With the global decline of bees, it has never been more important to support the pollinator population in your garden. Make sure you fill your garden with as many pollen-rich plants as you can to give our bees a fighting chance, as they are vital components of our biodiversity. The Royal Horticultural Society reports Britain as having 25 species of bumblebees, of which about 11 commonly visit garden flowers. They also state that there are about 260 species of solitary bee in Britain, all of which have been in decline in the last 50 years for a variety of reasons.
Nectar and Pollen
Flowers attract insects by providing them with two rich sources of food: nectar and pollen. Nectar provides insects with an energy source as it contains sugar, while pollen grains contain proteins and oils. It’s also a good idea to have at least two nectar or pollen-rich plants in flower at any one time during this period. The nectar feeds the adult bee, while the pollen is collected to feed their larvae. It is vital that gardeners provide flowers throughout the bees life-cycle, from March to September.
Different bumblebee species have tongues of differing lengths and so prefer different flowers. The longest-tongued species, Bombus hortorum, prefer deep flowers such as honeysuckle, foxgloves and aquilegia. There are six plant families bumblebees are particularly attracted to, but they will also appeal to other pollinators such as honeybees and butterflies. These include Boraginaceae (the wildflower comfrey, which makes a potassium-rich compost), and Fabaceae (peas),
Viper’s bugloss ( Echium vulgare ) is perhaps the best single plant to attract bumblebees to a garden, and attracts both short and long-tongued varieties. Planting just one or two of these will attract many bees. It has beautiful blue flowers two feet tall, and blooms from June to August, making a good herbaceous border.

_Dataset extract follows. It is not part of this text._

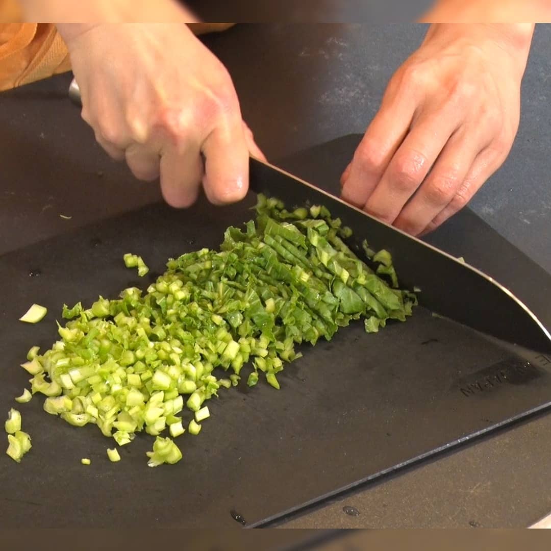 ①ショウガ大さじ1の分量とカブの葉7個分をみじん切りする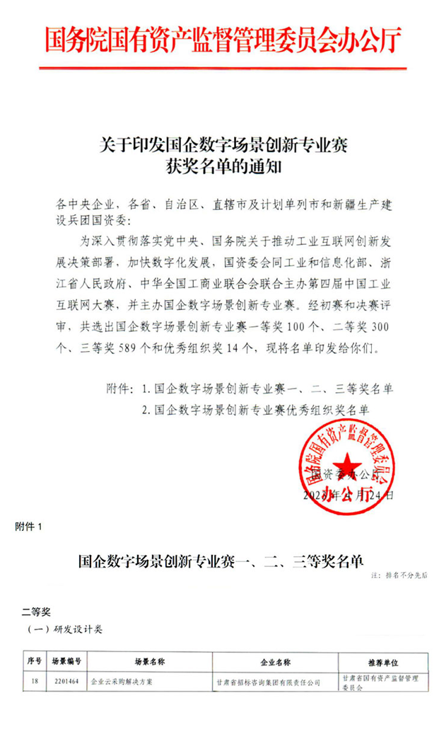近日,国务院国资委公布了首届“国企数字场景创新专业赛”获奖名单。必一体育组织推荐的“甘招企业云采购平台”创新场景,在全国2007家参赛企业推荐的3277个场景中脱颖而出,荣获二等奖!

The rose family, especially hawthorn and potentilla, seems to be irresistible to bees, as are fennel, angelica, cow parsley and sedum flowers. Tubular-shaped flowers, such as snapdragons and heathers, are also all favourite feeding grounds for bees. Spring flowers attracting bees include bluebell, bugle, crab apple, daffodil, flowering cherry and currant, forget-me-not, hellebore, pulmonaria, pussy willow, rhododendron, rosemary, viburnum and thrift.
To tempt the bees in early summer plant aquilegia, astilbe, campanula, everlasting sweet pea, fennel, geranium, potentilla, stachys, teasel, thyme and verbascum. Late summer flowers attracting bees include angelica, aster, buddleia, cardoon, cornflower, dahlia (single-flowered), delphinium, eryngium, fuchsia, globe thistle, ivy, lavender, penstemon, scabious and sedum.

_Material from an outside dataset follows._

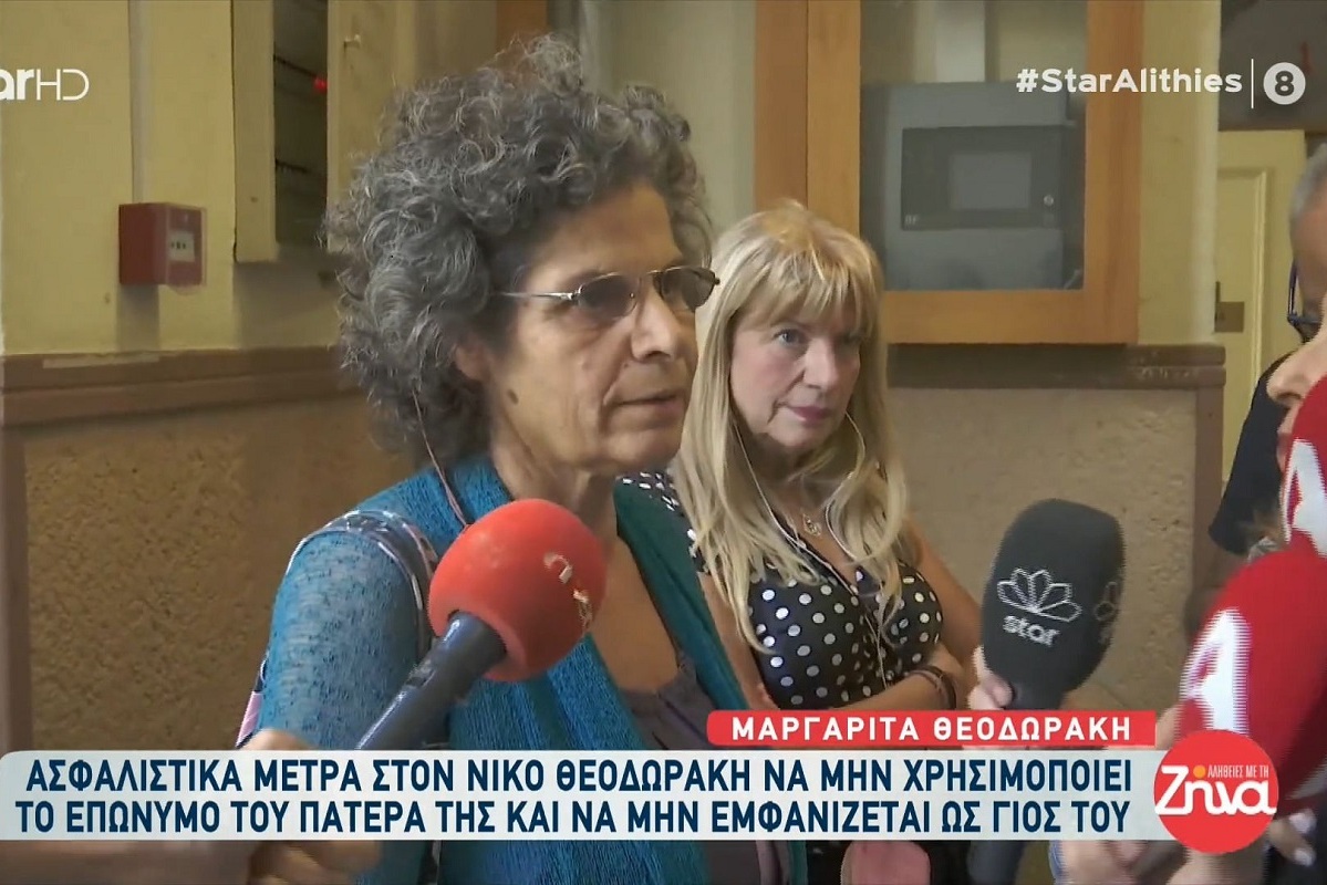 Ασφαλιστικά μέτρα κατέθεσε η Μαργαρίτα Θεοδωράκη στον Νίκο Θεοδωράκη να μην χρησιμοποιεί το επώνυμο του πατέρα της και να μην εμφανίζεται ως γιος του.

Make Your Garden a Home for Bees
One of the best ways to encourage bees in your garden is to keep your own bees with a hive, or allow a beekeeper to place hives in your garden. You could also add a bumblebee box to your garden. Nest boxes containing cardboard tubes or hollow plant stems, or holes drilled in blocks of wood, ranging from two to eight millimetres wide, will provide nest sites for some species of solitary bees.

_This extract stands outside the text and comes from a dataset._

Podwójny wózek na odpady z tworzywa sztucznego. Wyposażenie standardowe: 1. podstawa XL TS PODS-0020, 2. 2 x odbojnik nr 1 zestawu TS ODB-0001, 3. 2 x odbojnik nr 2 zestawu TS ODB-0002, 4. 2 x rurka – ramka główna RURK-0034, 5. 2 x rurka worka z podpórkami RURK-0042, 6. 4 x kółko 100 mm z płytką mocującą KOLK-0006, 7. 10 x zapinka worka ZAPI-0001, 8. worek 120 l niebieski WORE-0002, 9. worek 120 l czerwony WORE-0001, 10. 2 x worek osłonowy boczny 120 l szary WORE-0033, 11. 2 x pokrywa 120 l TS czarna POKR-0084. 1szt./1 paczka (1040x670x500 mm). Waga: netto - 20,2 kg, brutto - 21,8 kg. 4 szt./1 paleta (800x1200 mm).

The more flowers you plant, the more varieties of bees you will attract into your garden, and the more flowers and vegetables will be pollinated. This is particularly important for fruit and vegetable growers as apples, plums, pears, cherries, raspberries, blackberries, blackcurrants, red currants, gooseberries and strawberries, broad beans, runner beans and some members of the marrow-pumpkin family all rely on insects to bring about pollination. Be conscious that you should never use pesticides on plants while they are in flower, as this will harm bees.